=== Section Start ===
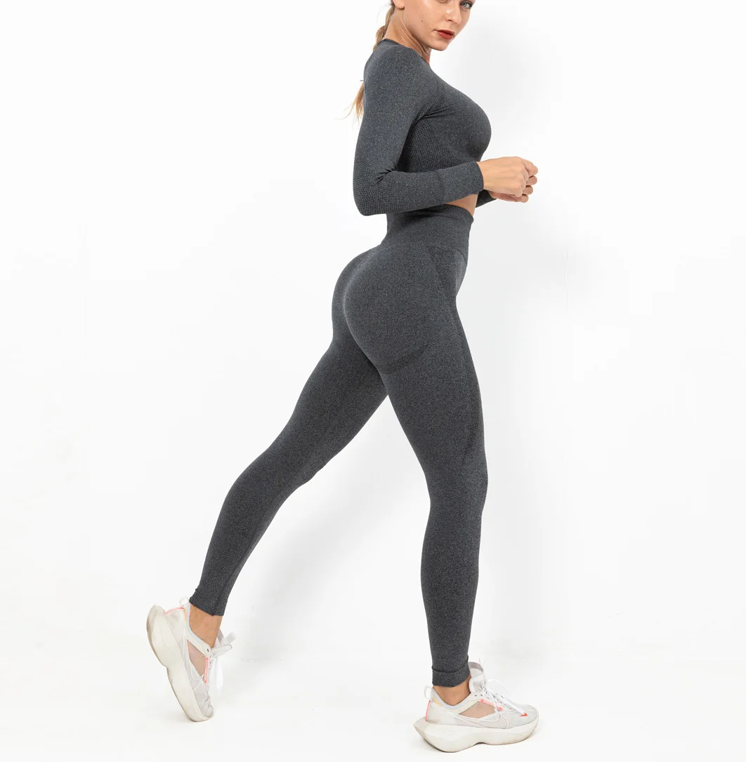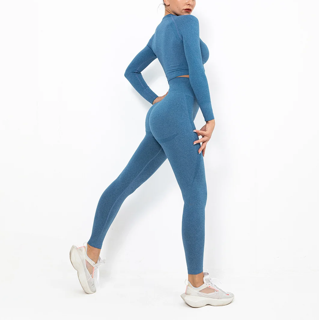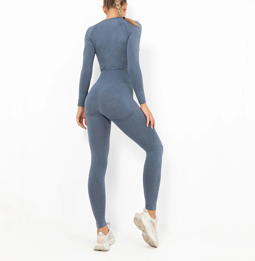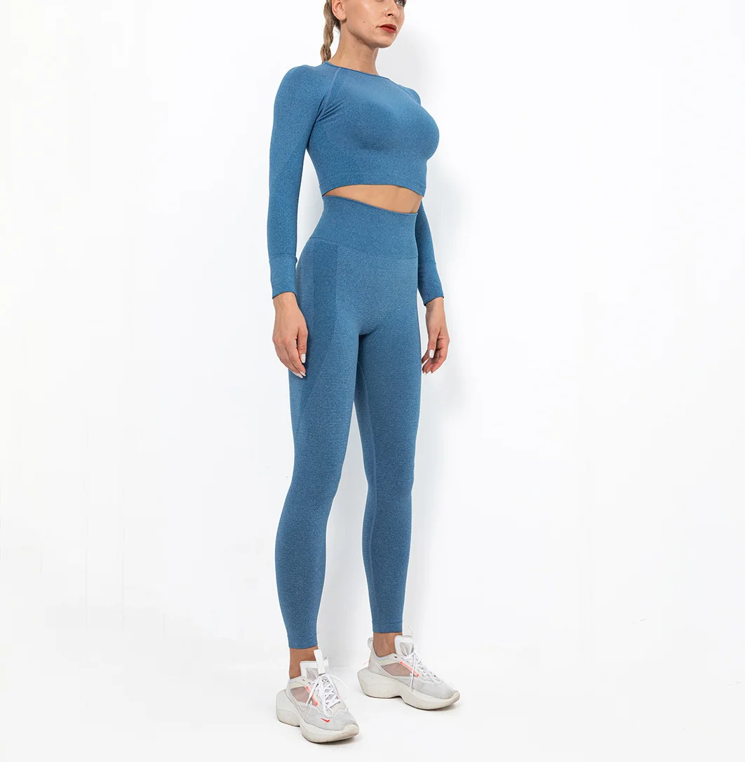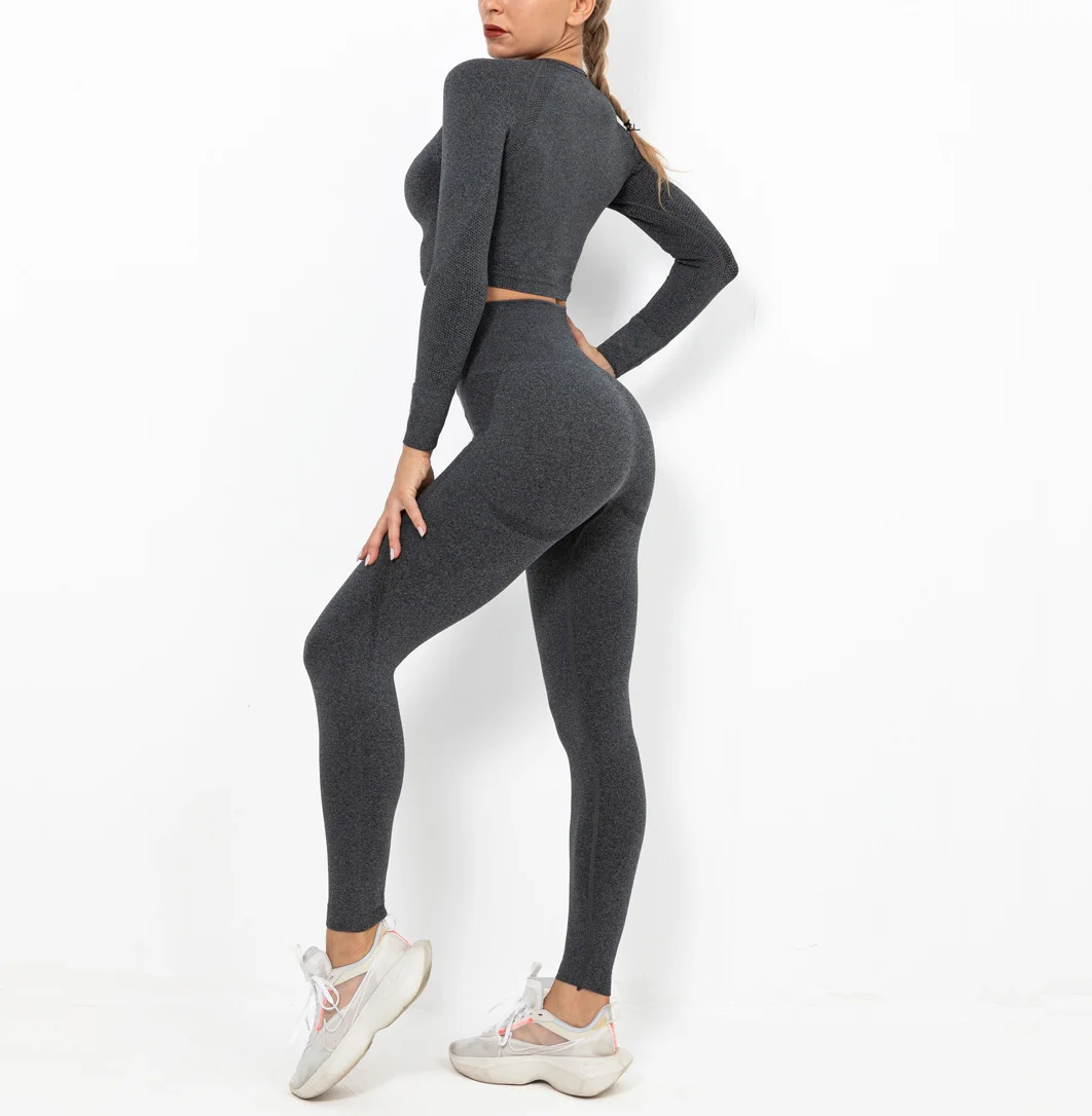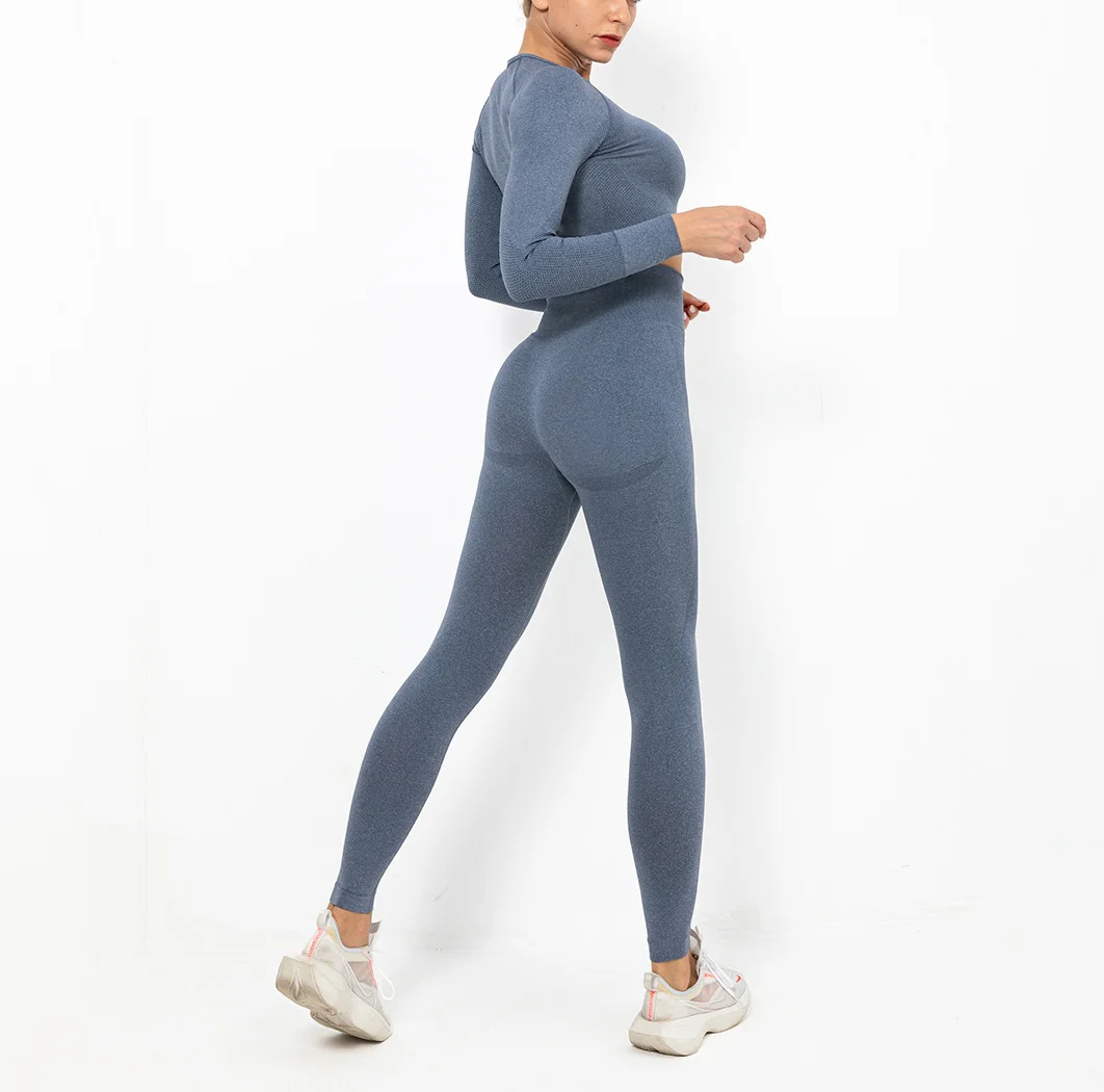 Wholesaleactivewears Dark Green Seamless Crescent Tight-fitting Stretch Long-sleeved Running Fitness Sports Suit
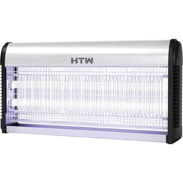 Lámpara UV anti mosquitos HTW. Capaz de atrapar fácilmente insectos voladores de manera eficaz, segura y silenciosa. Perfecta para colocar en supermercados, grandes superficies, bares y restaurantes.Área de alcance: 150 m2.Lámpara: T8 2x18W.Tipo de lámpara: Tubo fluorescente LED UV.Vida útil: 5.000-8.000 horas.Balastro: Magnético.Cable – 3×0.75 – 1m.
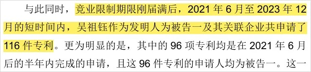 更巧合的是,吴祖钰离开宁德时代,竞业限制期满之后,从2021年6月开始,半年内申请了96项专利。
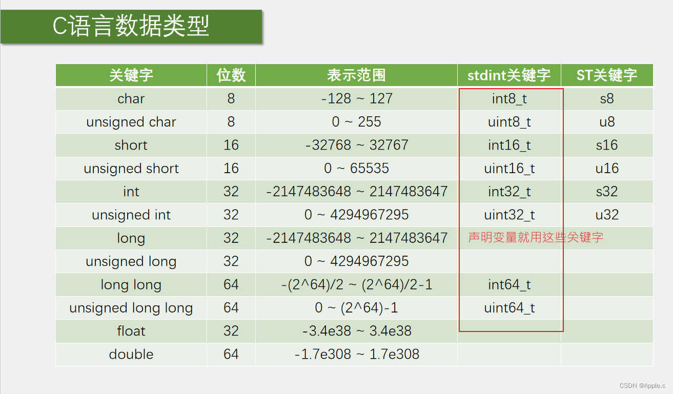 - 引用typedef: uint8_t a; //等效于unsigned char a;
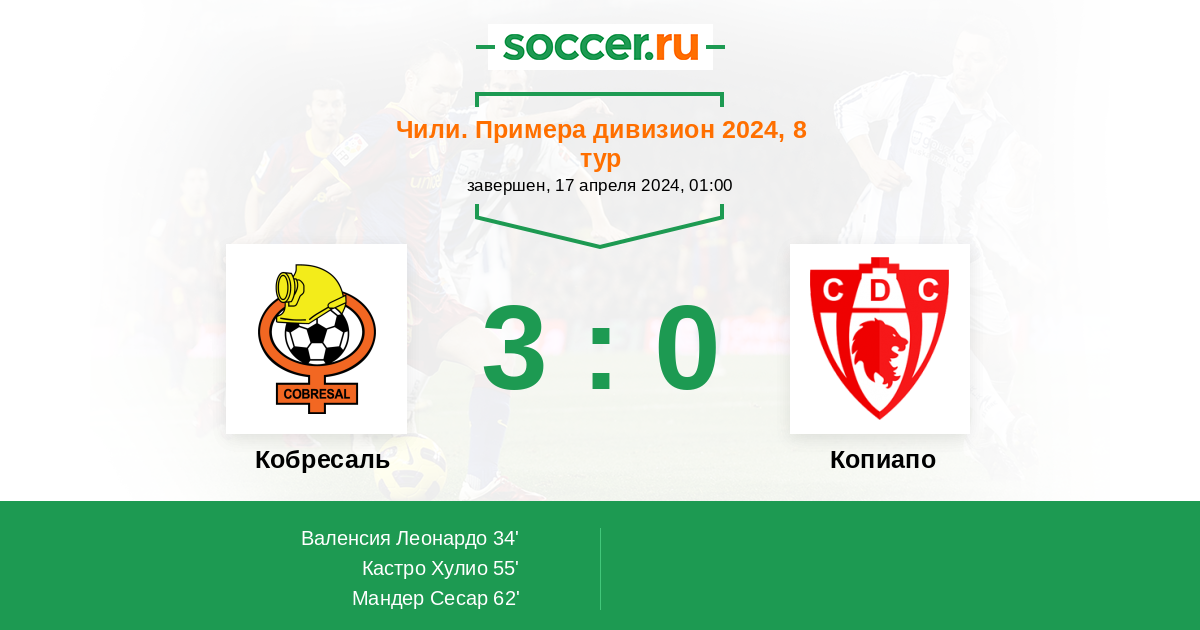 55' (2:0) Кастро Хулио (16) (Пачеко Гильермо (23))
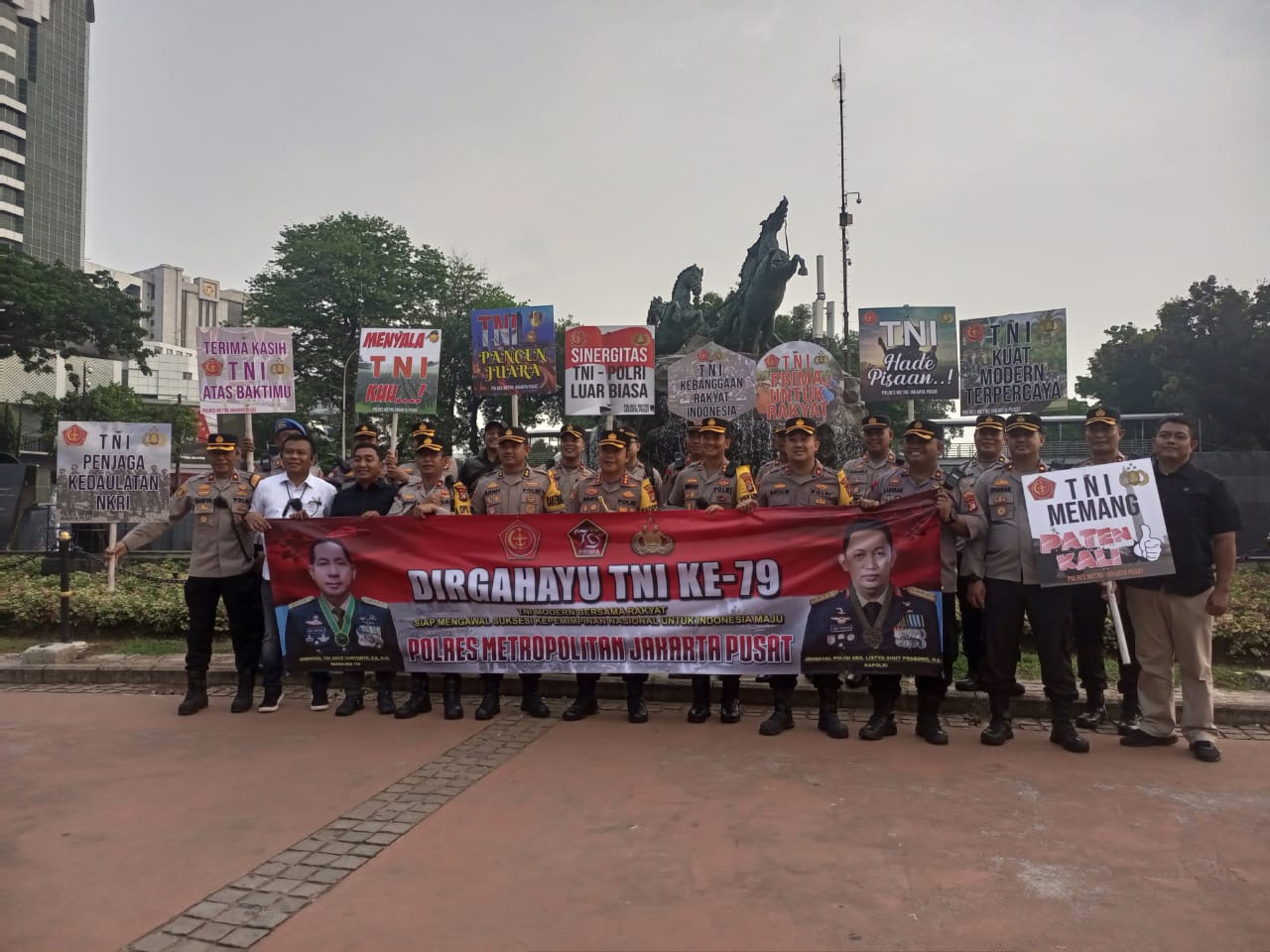 Jakarta Pusat – Kapolres Metro Jakarta Pusat Kombes Pol Susatyo Purnomo Condro bersama Pejabat Utama Polres Metro Jakarta Pusat di Patung Kuda Monas Jakarta Pusat, petugas kepolisian berjajar dan sambil membawa spanduk dan papan ucapan di HUT TNI Ke-79.
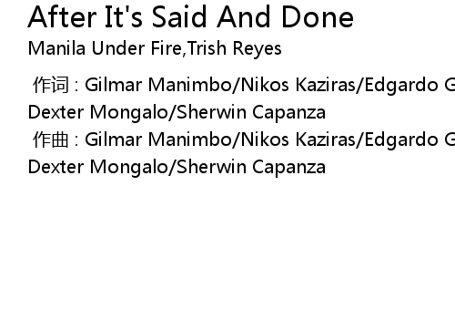 | [00:00.00-1] | zuo qu : Gilmar Manimbo Nikos Kaziras Edgardo Gabriel Gamboa Adrian Dexter Mongalo Sherwin Capanza |
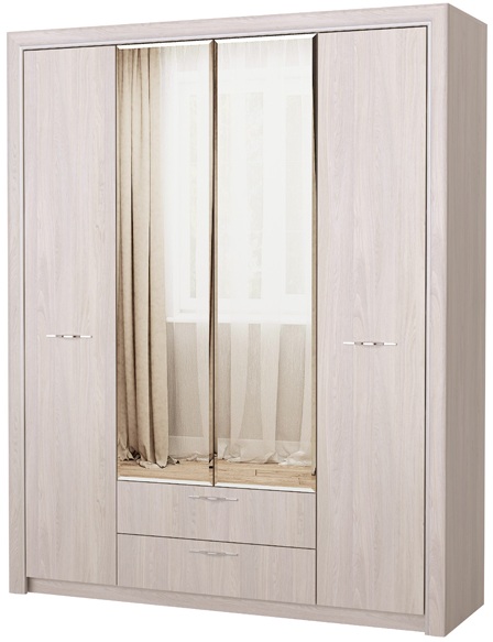Шкаф 4С2Я «Октава» 4-створчатый с зеркалами и ящиками, с полками для белья и поперечными металлическими штангами для одежды. Устанавливается стильная металлическая ручка, декор «тёмный никель». Периметр шкафа обрамлён профилем MDF оригинальной формы с патиной (окраской фасок) серебристого цвета. Направляющие шариковые, полного выдвижения. Зеркала выполнены с изящной и красивой обработкой «фацет» по периметру.
=== Section End ===
_YOUR INSTRUCTIONS_. Every line above must be printed again exactly, pictures excluded.

_TASK SOLUTION_.
 Wholesaleactivewears Dark Green Seamless Crescent Tight-fitting Stretch Long-sleeved Running Fitness Sports Suit
 Lámpara UV anti mosquitos HTW. Capaz de atrapar fácilmente insectos voladores de manera eficaz, segura y silenciosa. Perfecta para colocar en supermercados, grandes superficies, bares y restaurantes.Área de alcance: 150 m2.Lámpara: T8 2x18W.Tipo de lámpara: Tubo fluorescente LED UV.Vida útil: 5.000-8.000 horas.Balastro: Magnético.Cable – 3×0.75 – 1m.
 更巧合的是,吴祖钰离开宁德时代,竞业限制期满之后,从2021年6月开始,半年内申请了96项专利。
 - 引用typedef: uint8_t a; //等效于unsigned char a;
 55' (2:0) Кастро Хулио (16) (Пачеко Гильермо (23))
 Jakarta Pusat – Kapolres Metro Jakarta Pusat Kombes Pol Susatyo Purnomo Condro bersama Pejabat Utama Polres Metro Jakarta Pusat di Patung Kuda Monas Jakarta Pusat, petugas kepolisian berjajar dan sambil membawa spanduk dan papan ucapan di HUT TNI Ke-79.
 | [00:00.00-1] | zuo qu : Gilmar Manimbo Nikos Kaziras Edgardo Gabriel Gamboa Adrian Dexter Mongalo Sherwin Capanza |
Шкаф 4С2Я «Октава» 4-створчатый с зеркалами и ящиками, с полками для белья и поперечными металлическими штангами для одежды. Устанавливается стильная металлическая ручка, декор «тёмный никель». Периметр шкафа обрамлён профилем MDF оригинальной формы с патиной (окраской фасок) серебристого цвета. Направляющие шариковые, полного выдвижения. Зеркала выполнены с изящной и красивой обработкой «фацет» по периметру.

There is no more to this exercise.